Industries such as e‑commerce, education, software development, and media can embed the model into their platforms to deliver intelligent, low‑latency responses without a multi‑GPU cluster.

Training Details

The base model, Mistral‑Small‑3.2‑24B‑Instruct‑2506, was trained on a mixture of publicly available text corpora (the Crawl, Wikipedia, GitHub code, and multilingual datasets) with a focus on instruction following and tool‑calling. The training regime employed:

  • Model size: 24 B parameters, 64 transformer layers.
  • Tokenization: Mistral‑specific tokenizer with 32 k vocabulary.
  • Compute: Approximately 1,200 GPU‑days on NVIDIA H100 GPUs (mixed‑precision FP16).
  • Fine‑tuning: Instruction‑tuned on ~500 K high‑quality prompts, including function‑calling examples.

The FP8 quantized variant was produced post‑training using llm‑compressor (v0.6.1.dev0).
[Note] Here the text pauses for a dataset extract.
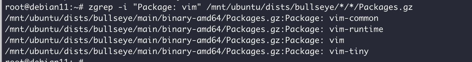 zgrep -i "Package: vim" /mnt/ubuntu/dists/bullseye/*/*/Packages.gz

This step does not alter the model’s weights beyond quantization, preserving the original knowledge while enabling faster, lower‑memory inference.

Licensing Information

The model card lists the license as unknown, but the tags include license:apache-2.0. In practice, this means the underlying base model (Mistral‑Small‑3.2‑24B‑Instruct‑2506) is released under the Apache 2.0 license, which is permissive and allows commercial use, modification, and distribution provided that:

  • Original copyright notices and license text are retained.
  • Any modifications are clearly marked.
  • Patents, by the licensor are granted to downstream users.

If the FP8‑quantized derivative inherits the same license (the typical case when the quantization is performed by a third party without adding proprietary code), you may safely integrate it into commercial products, SaaS offerings, or research pipelines. Always double‑check the Hugging Face model card for any updated licensing statements before deployment.